Ta strona została przetłumaczona automatycznie i dokładność tłumaczenia nie jest gwarantowana. Proszę odnieść się do angielska wersja za tekst źródłowy.

Zautomatyzowana diagnostyka udaru mózgu w tomografii komputerowej z wykorzystaniem sztucznej inteligencji

17 maja 2021 zaktualizowane przez: Ivan Segura Duran, University of Guadalajara

Wspomagana metoda kwantyfikacji, lokalizacji i automatycznego rozpoznawania udaru mózgu w tomografii komputerowej z wykorzystaniem sztucznej inteligencji

Wykorzystanie systemów uczenia maszynowego do kwantyfikacji, lokalizacji i diagnostyki udaru niedokrwiennego mózgu w tomografii komputerowej głowy bez kontrastu jest metodą o wysokiej skuteczności, dostępną i podatną na standaryzację, pomocną w podejmowaniu decyzji klinicznych w przypadku braku wyspecjalizowanego personelu medycznego zajmującego się tą chorobą.

Przegląd badań

Status

Rejestracja na zaproszenie

Szczegółowy opis

OPIS PROBLEMU Udar jest piątą przyczyną śmierci w Stanach Zjednoczonych i pierwszą przyczyną długotrwałej niepełnosprawności. Rocznie w tym kraju diagnozuje się udar u około 800 000 osób, powodując śmierć około 130 000 osób, co 4 minuty jedna osoba umiera z powodu tej choroby w USA.

W Meksyku opublikowano bardzo niewiele informacji statystycznych na temat udaru, zgodnie z meksykańskimi wytycznymi praktyki klinicznej „CENETEC” choroba ta była trzecią przyczyną zgonów, z 5,6% procentem głównych przyczyn zgonów, z szacowanym wskaźnikiem 25,6/100 000 mieszkańców i ponad 25 000 zgonów rocznie według danych sanepidu.

Pieniężny koszt bezpośredniej uwagi i wydatków pośrednich jest ogromny, przy przybliżonych wydatkach rzędu 34 miliardów dolarów rocznie. Około 20% osób, które przeżyły, wymaga specjalnej opieki w ciągu pierwszych 3 miesięcy po udarze mózgu, a około 30% pozostaje z poważnym upośledzeniem.

W Meksyku obserwuje się alarmujący wzrost zachorowań na udar, który koreluje z demograficznym przejściem do starszej populacji, a także ze wzrostem czynników ryzyka choroby zakrzepowo-zatorowej naczyń, takich jak nadciśnienie, cukrzyca, otyłość i dyslipidemia.

Lokalne statystyki pokazują, że z różnych typów udarów w Meksyku rozkład jest następujący: 72,94% jako udar niedokrwienny, 20,17% jako udar krwotoczny i 6,8% jako krwotok podpajęczynówkowy, liczby te są podobne do statystyk podawanych w literaturze innych krajów.

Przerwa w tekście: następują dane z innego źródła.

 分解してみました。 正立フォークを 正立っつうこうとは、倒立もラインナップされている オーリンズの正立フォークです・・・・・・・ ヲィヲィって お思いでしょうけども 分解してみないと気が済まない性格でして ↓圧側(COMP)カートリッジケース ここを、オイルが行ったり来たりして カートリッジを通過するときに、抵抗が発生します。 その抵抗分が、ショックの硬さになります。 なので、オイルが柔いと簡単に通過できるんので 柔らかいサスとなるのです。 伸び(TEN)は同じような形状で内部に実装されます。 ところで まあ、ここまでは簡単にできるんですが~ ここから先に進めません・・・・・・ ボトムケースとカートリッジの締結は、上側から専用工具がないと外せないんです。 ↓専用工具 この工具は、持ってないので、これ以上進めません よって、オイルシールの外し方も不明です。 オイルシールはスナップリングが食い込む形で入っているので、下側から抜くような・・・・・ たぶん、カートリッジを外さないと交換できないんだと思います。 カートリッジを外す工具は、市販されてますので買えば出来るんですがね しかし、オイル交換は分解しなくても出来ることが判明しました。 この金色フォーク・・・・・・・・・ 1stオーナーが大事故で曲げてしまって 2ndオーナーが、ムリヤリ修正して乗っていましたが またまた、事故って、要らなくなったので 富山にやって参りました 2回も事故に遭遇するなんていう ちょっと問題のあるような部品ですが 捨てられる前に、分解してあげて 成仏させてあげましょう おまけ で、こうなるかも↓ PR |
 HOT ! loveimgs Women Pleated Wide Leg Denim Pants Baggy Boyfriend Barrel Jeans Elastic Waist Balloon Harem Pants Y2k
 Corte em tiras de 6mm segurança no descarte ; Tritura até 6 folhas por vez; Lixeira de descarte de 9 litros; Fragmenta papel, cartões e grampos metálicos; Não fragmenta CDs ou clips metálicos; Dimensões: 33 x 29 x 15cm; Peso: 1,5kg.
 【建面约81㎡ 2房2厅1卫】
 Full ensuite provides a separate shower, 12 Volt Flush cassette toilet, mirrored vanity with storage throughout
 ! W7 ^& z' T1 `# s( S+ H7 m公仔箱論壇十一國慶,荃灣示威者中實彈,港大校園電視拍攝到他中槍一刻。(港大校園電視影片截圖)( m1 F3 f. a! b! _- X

Według pierwszego wieloośrodkowego rejestru w Meksyku „The Premier Study” rozkład etiologii udaru niedokrwiennego był następujący: miażdżyca dużych naczyń 8%, zatorowość serca 20%, udar lakunarny 20%, różne 5% i nieokreślona etiologia 41%. W Meksyku tylko 0,6% pacjentów z udarem jest leczonych dożylnie. trombolizy, a spośród tych pacjentów 33% przybyło w oknie <3 godz. po wystąpieniu udaru.

UZASADNIENIE

Opieka medyczna i diagnostyka pacjentów z udarem mózgu jest uważana za nagły przypadek medyczny, badania wykazały denominację „Czas to mózg” ze względu na fakt, że pacjenci z typowym udarem niedokrwiennym dużych naczyń, w każdej minucie 1,9 miliona neuronów, 14 miliardów synapsy i około 12 km. włókien mielinowych jest traconych, co wskazuje na potrzebę wczesnej diagnozy i leczenia.

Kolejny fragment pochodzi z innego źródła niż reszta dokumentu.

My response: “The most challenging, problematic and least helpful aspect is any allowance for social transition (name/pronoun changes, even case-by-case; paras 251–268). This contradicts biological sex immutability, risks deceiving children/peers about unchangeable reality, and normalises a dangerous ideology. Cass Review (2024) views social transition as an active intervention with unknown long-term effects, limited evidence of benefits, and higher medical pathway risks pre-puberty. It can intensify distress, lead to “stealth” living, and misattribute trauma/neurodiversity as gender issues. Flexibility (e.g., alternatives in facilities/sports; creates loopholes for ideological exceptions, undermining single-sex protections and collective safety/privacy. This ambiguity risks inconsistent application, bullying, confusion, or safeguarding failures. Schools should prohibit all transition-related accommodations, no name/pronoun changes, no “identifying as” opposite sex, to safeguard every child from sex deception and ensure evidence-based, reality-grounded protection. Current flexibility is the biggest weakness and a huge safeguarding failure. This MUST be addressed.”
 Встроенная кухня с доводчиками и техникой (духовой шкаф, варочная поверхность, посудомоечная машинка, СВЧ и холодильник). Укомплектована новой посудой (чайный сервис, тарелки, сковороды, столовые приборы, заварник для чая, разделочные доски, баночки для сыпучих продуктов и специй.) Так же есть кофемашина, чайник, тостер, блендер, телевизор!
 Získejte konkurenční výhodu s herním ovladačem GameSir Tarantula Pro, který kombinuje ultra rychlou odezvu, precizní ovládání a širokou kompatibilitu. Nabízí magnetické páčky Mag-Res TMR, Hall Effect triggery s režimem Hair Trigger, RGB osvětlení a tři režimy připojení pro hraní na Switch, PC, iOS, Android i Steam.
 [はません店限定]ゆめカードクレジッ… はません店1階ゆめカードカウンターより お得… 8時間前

Według „The Premier Study” jednym z najbardziej niepokojących wyników w opiece medycznej nad udarem mózgu w Meksyku jest to, że tylko jedna piąta pacjentów z udarem trafia do szpitala w oknie na iv. trombolizy, z czego < 1% otrzymuje leczenie rTPA. Wynika to z takich czynników, jak brak wyspecjalizowanych zespołów medycznych do postawienia trafnej i precyzyjnej diagnozy, ograniczona liczba personelu posiadającego wiedzę specjalistyczną w zakresie udaru oraz brak zasobów technologicznych do diagnozy.

W szczególnym przypadku udaru istnieje kilka cech, które przemawiają za stosowaniem systemów sztucznej inteligencji (AI), niektóre z nich to duża ilość danych i multidyscyplinarne podejścia stosowane do podejmowania decyzji medycznych, w szczególności wykorzystanie badań obrazowych, ze względu na fakt, że są to kluczowe czynniki w leczeniu udaru mózgu.

Inne czynniki, które przyczyniły się do wykorzystania A.I. w udarze mózgu brakuje specjalistów do diagnostyki obrazowej, problem ten wyraźnie nasila się w krajach rozwijających się. Tylko nieliczne szpitale mają dostęp do wyspecjalizowanych neuroradiologów lub neurologów w celu postawienia trafnej i optymalnej diagnozy, co powoduje opóźnienie lub nawet niedokładną diagnozę.

Istnieje nawet zmienna zgodność, sięgająca 39%, między lekarzami specjalizującymi się w rozpoznawaniu udaru mózgu w tomografii komputerowej bez kontrastu w obszarze tętnicy przyśrodkowej mózgu, co pokazuje dużą zmienność między czytelnikami, ponadto istnieje rzadka definicja cech charakterystycznych wczesnego zawału, co wskazuje na potrzebę wystandaryzowanej metody obrazowania udaru.

Kilka badań wykazało skuteczność A.I. systemów w diagnostyce udaru, większość z nich pokazuje, że zautomatyzowana diagnostyka za pomocą A.I. jest w większości przypadków taka sama lub nawet lepsza niż ręczna segmentacja z diagnozą ludzi przez ekspertów od udarów.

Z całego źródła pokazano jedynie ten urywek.